National anti-corruption units
The Draft Directive also requires that Member States implement preventive anti-corruption measures in their national legislation. Member States are to raise public awareness of the “harmfulness of corruption” and ensure transparency and accountability in public administration. Member States must also establish one or more bodies or organisational units tasked with the prevention of corruption (“anti-corruption units”), reminiscent of the French Anti-Corruption Agency (AFA) and the Federal Office for Economic Affairs and Export Control (BAFA) in its capacity as the authority responsible for monitoring compliance with the Act on Corporate Due Diligence Obligations in Supply Chains (LkSG). Member States must provide their anti-corruption units with an adequate number of qualified staff and financial resources necessary to ensure their independence.

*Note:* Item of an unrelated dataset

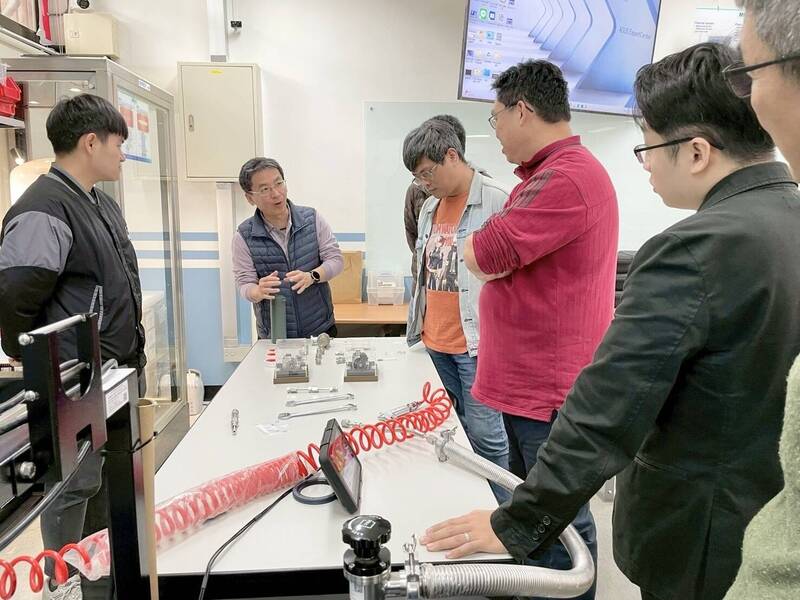 透過大專專業師資引導,讓高中職教師能更具體掌握產業端設備運作與教學應用方向。(高雄市教育局提供)

While the Directive does not define anti-corruption units’ specific tasks and competencies, their mere establishment will create a certain level of awareness of anti-corruption efforts.
Conclusion
Although changes to the Draft Directive are to be expected in the course of the legislative process, the draft already signals the Member States’ determination to get tougher on corruption. Under the current draft, companies could face fines of up to five percent of their worldwide turnover – which would result in significantly more severe penalties than current German law affords. At the same time, the European legislator is creating legal certainty by providing an explicit legal basis for considering preventive measures and cooperative behaviour as mitigating factors. In particular, the bar for what counts as cooperation on establishing the facts for purposes of mitigating a sentence appears to be much lower than in the draft of the German Corporate Sanctions Act. It remains to be seen whether the German legislator will limit itself to reforming section 30 OWiG or make a new attempt at passing a corporate sanctions act. In any case, corporate decision makers should familiarise themselves with the regulations early on and critically review their compliance measures to ensure they are appropriate – and implement new measures where required.